People walk past a Baidu logo outside the company headquarters in Beijing on February 2, 2024. (AFP)
  • Uber users in these locations may have the option of choosing to ride in a fully driverless Apollo Go car after they request a trip.
  • Driverless taxis are already on the roads with limited capacity in China, most notably in the central city of Wuhan.

Beijing, China — Chinese internet giant Baidu plans to launch its driverless cars on ride-hailing app Uber in Asia and the Middle East this year, the two companies said on Tuesday.

The multi-year partnership will see “thousands of Baidu’s Apollo Go autonomous vehicles on the Uber platform across multiple global markets”, the companies said in a joint statement.

The first driverless cars are expected on the roads this year, the statement said, adding the robotaxis would launch “outside the United States” but without specifying in which countries.

Uber users in these locations may have the option of choosing to ride in a fully driverless Apollo Go car after they request a trip.

China’s tech companies and automakers have poured billions of dollars into self-driving technology in recent years, with intelligent driving the new battleground in the country’s cutthroat domestic car market.

Driverless taxis are already on the roads with limited capacity in China, most notably in the central city of Wuhan where a fleet of over 500 can be hailed by app in designated areas.

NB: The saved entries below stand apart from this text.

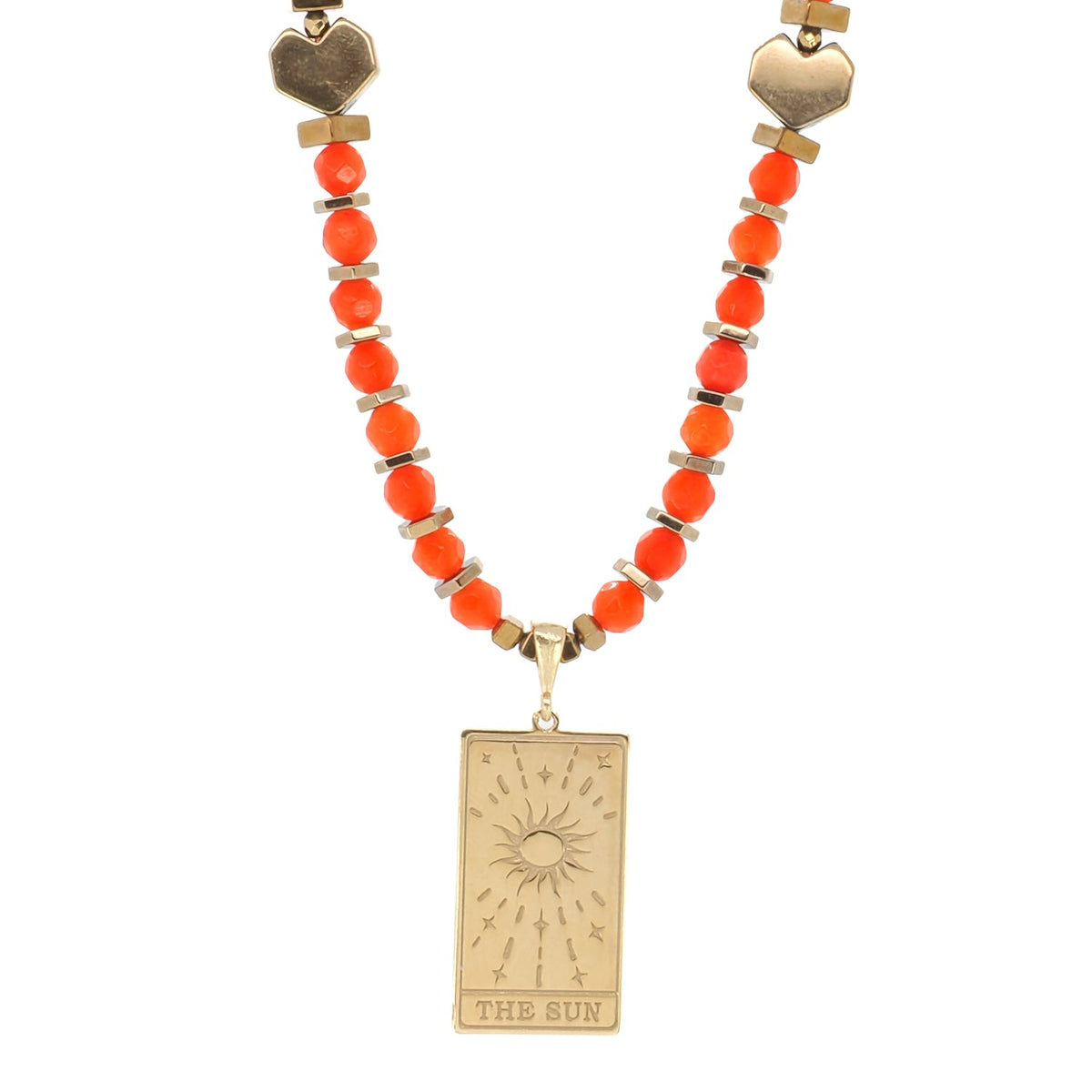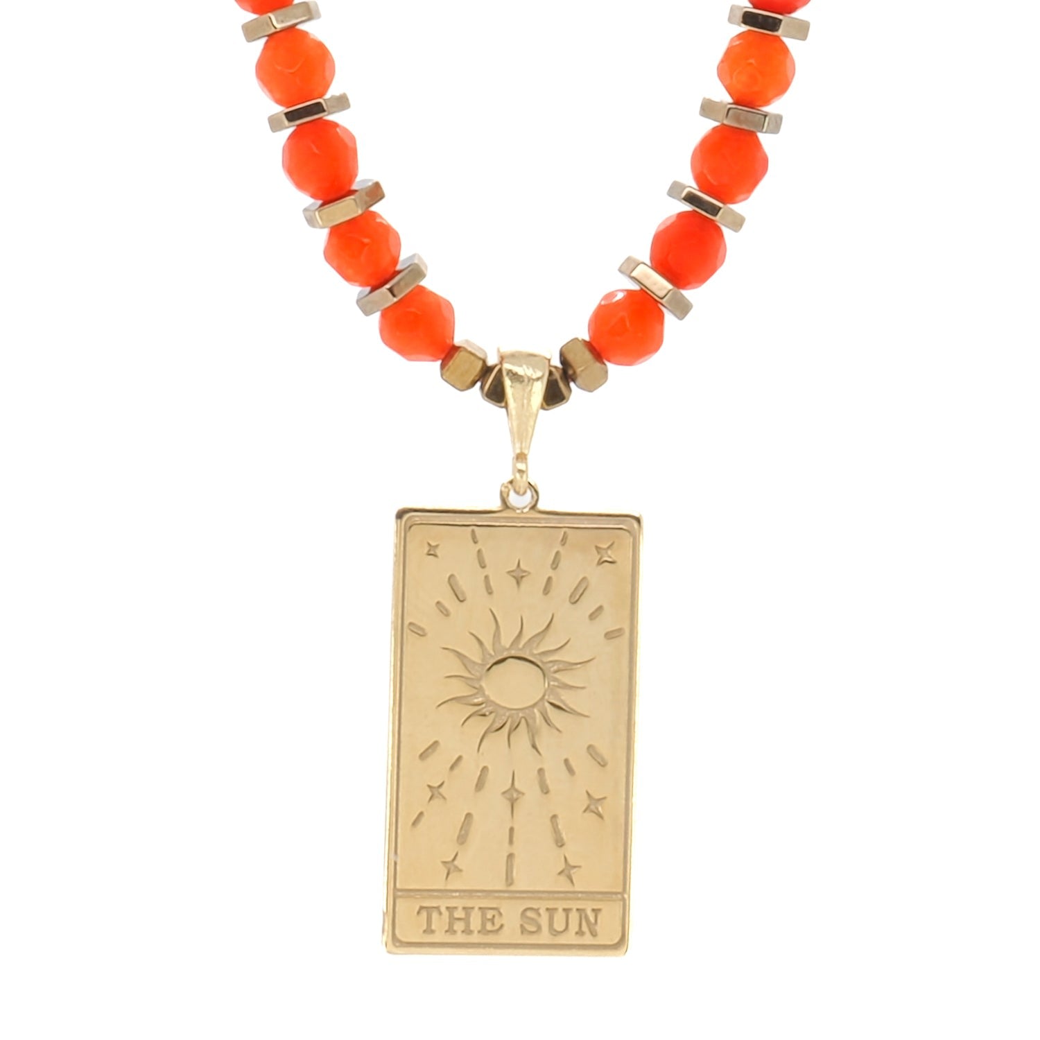 Abundance Sun Tarot Card Red Cornelian Beaded Necklace - Red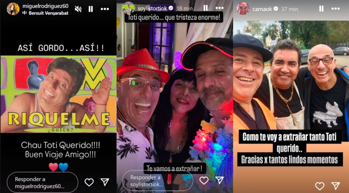 A ellos se sumó el recuerdo de Carna: “Como voy a extrañar, Toti querido. Gracias por tantos lindos momentos”.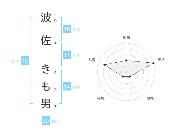 波佐 きも男さんの天格は16画の5点!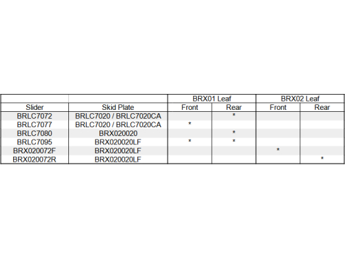 This is a 3D nylon front slider option part for the BRX01 center skid plate (#BRLC7020). It works with the front leaf spring conversion kit (#BRLC7201).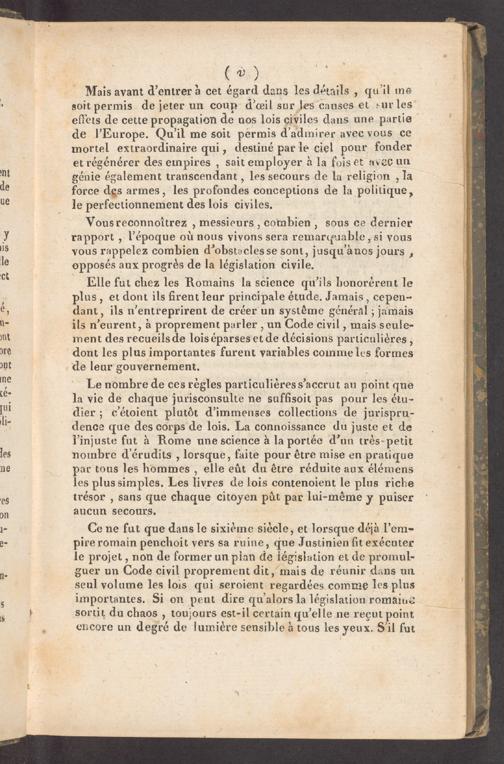 Ce ne fut que dans le sixième siècle, et lorsque djà l'em- pire romain penchoit vers sa ruine, que Justinien ſit exécuter le projet, non de former un plan de légisiation et de promul- guer un Code civil proprement dit, mais de réunir dans un seul volume les lois qui seroient regardées comme les plus importantes. Si on peut dire qu'alors la législation romaiue sortit du chaos, toujours est-il certain qu'elle ne regut point encore un degré de lumière sensible à tous les yeux. Sil fut

In March, Baidu announced it had signed an agreement to launch autonomous driving tests and services in Dubai, Apollo Go’s first international fleet deployment.

The company also plans to start testing self-driving taxis in Europe by the end of this year, a source with knowledge of the matter confirmed to AFP in May.

The company will also start testing in Turkey, they said.

Meanwhile, San Francisco-based Uber will launch self-driving taxis in London next year when England trials new driverless services, the firm and the UK government said in June.

Under the Uber pilot scheme, services will initially have a human in the driver’s seat who can control the vehicle in an emergency, but the trials will eventually transition to being fully driverless.